YOUR INSTRUCTIONS: Print them exactly: the lines from the beginning of the entries below through the line that contains "Совместные покупки Омск", and only those, with the pictures left out.
· · · · · · ·
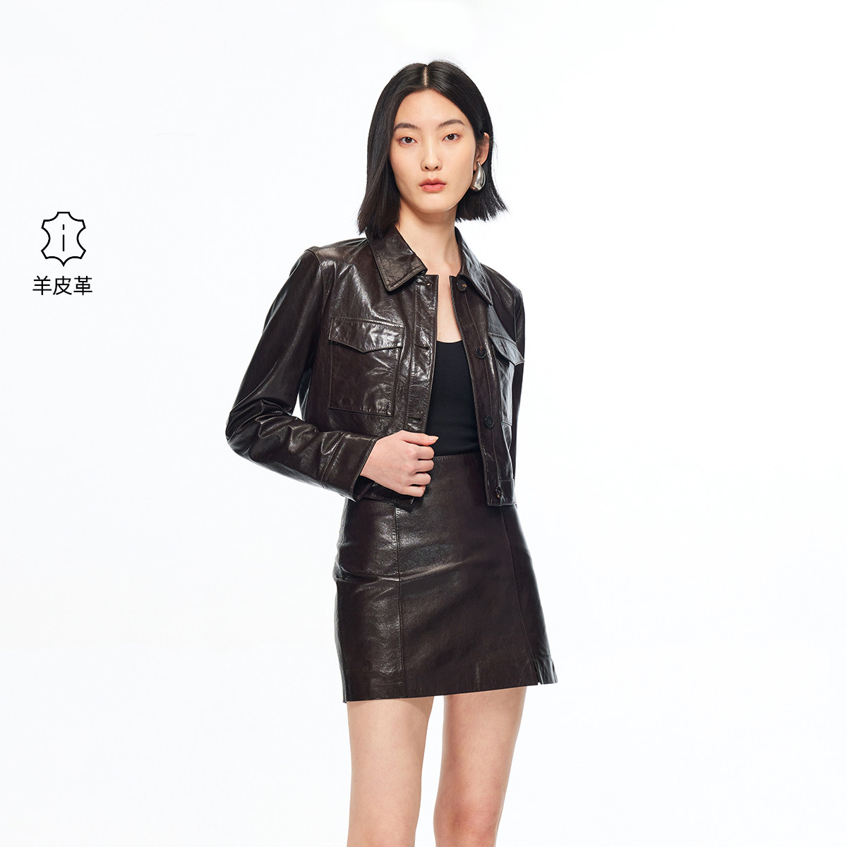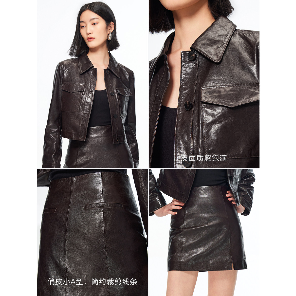 新款 女2026春季 羊皮革外套A字半身皮短裙326110004 Moda套装 Vero
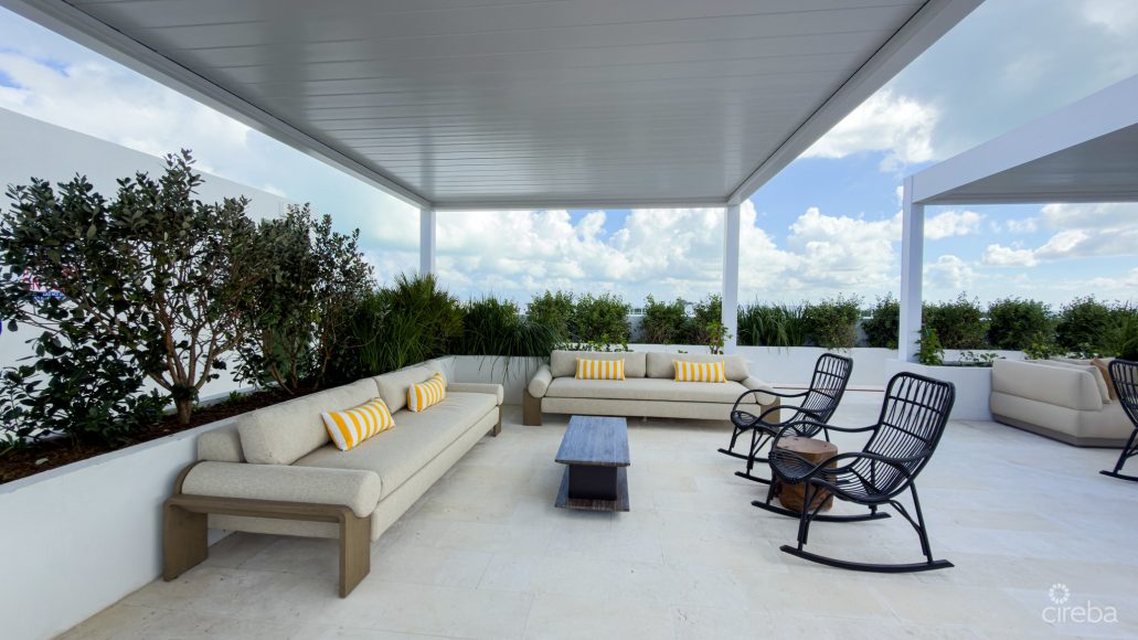 A signature feature of The Grove Too is its expansive rooftop terrace spanning the west building, offering panoramic views of the Caribbean Sea and North Sound. Residents enjoy a resort-style pool and hot tub, sauna and steam rooms, meditation garden, children’s play areas, social spaces, and a rooftop bar, amenities rarely found in boutique developments of this scale.
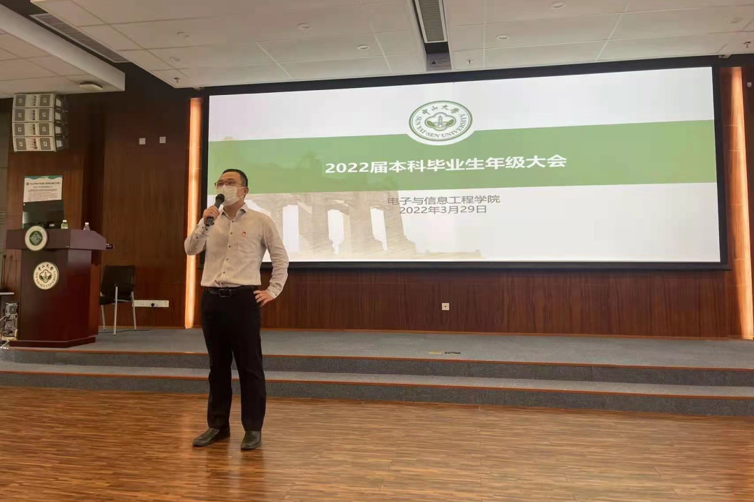 王琅副书记首先作开场动员讲话,他饱含深情地回顾了与同学们共同度过的四年时光,感慨大家在思想、学业和能力等全方位的成长与进步,称赞同学们在中大、在学院的光阴没有虚度,在大学这个人生重要阶段都能够以积极向上心态面对学习和生活的各种挑战。毕业之际来临,人生又一个转折点近在眼前,他勉励同学们不论目前结果是否符合预期,都要继续保持积极乐观的心态。人生道路道阻且长,行而不辍,未来可期,只要努力拼搏奋斗,拒绝“躺平”,未来一定会更精彩。王书记还就毕业前疫情防控、宿舍安全、电动车电池充电安全等进行重点提醒,希望同学们平安顺利毕业。
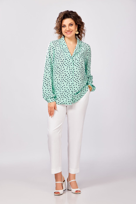 Совместные покупки Омск Женская одежда Блузки, рубашки — Блуза Swallow 842.2 Мята в темно-синий горошек
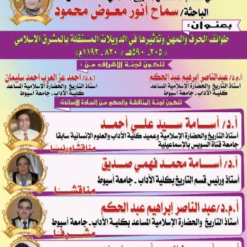 The Faculty of Literature held a session to discuss the message of the doctor, presented by researcher Samah Anwar Mouawad, which specializes in Islamic history entitled Sects of Crafts and Professions and their influence in independent states in the Isla
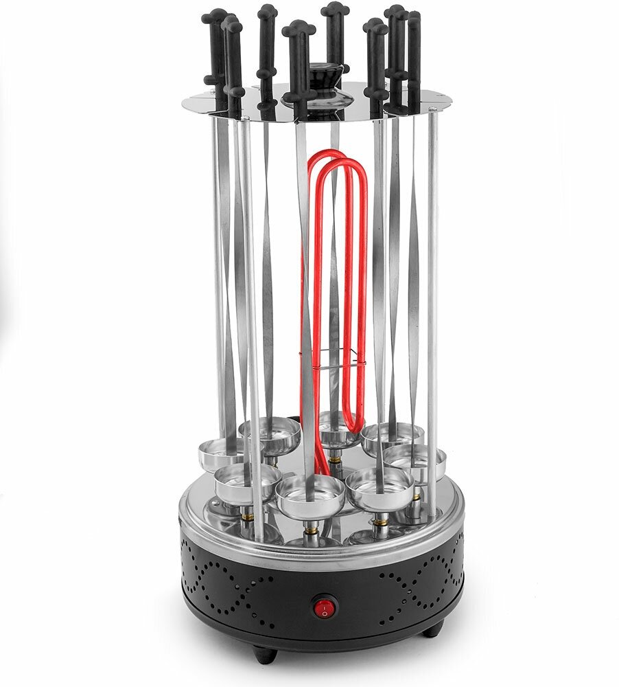 | Дополнительная информация | 8 чашечек для сбора жира; максимальная загрузка 5 кг; частота вращения шампуров 3 об/мин; функция автоматического вращения шампуров |
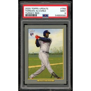 The Yordan Alvarez Rookie Card from the 2020 Topps Update Turkey Red series, numbered TR-6, is a sought-after collectible for baseball enthusiasts, featuring the promising Houston Astros slugger in a classic design. Graded a PSA 9, this card offers collectors a high-quality piece showcasing Alvarez's entry into Major League Baseball during his rookie year.
· · · · · · ·
RESULT OF THIS EXERCISE:
 新款 女2026春季 羊皮革外套A字半身皮短裙326110004 Moda套装 Vero
 A signature feature of The Grove Too is its expansive rooftop terrace spanning the west building, offering panoramic views of the Caribbean Sea and North Sound. Residents enjoy a resort-style pool and hot tub, sauna and steam rooms, meditation garden, children’s play areas, social spaces, and a rooftop bar, amenities rarely found in boutique developments of this scale.
 王琅副书记首先作开场动员讲话,他饱含深情地回顾了与同学们共同度过的四年时光,感慨大家在思想、学业和能力等全方位的成长与进步,称赞同学们在中大、在学院的光阴没有虚度,在大学这个人生重要阶段都能够以积极向上心态面对学习和生活的各种挑战。毕业之际来临,人生又一个转折点近在眼前,他勉励同学们不论目前结果是否符合预期,都要继续保持积极乐观的心态。人生道路道阻且长,行而不辍,未来可期,只要努力拼搏奋斗,拒绝“躺平”,未来一定会更精彩。王书记还就毕业前疫情防控、宿舍安全、电动车电池充电安全等进行重点提醒,希望同学们平安顺利毕业。
 Совместные покупки Омск Женская одежда Блузки, рубашки — Блуза Swallow 842.2 Мята в темно-синий горошек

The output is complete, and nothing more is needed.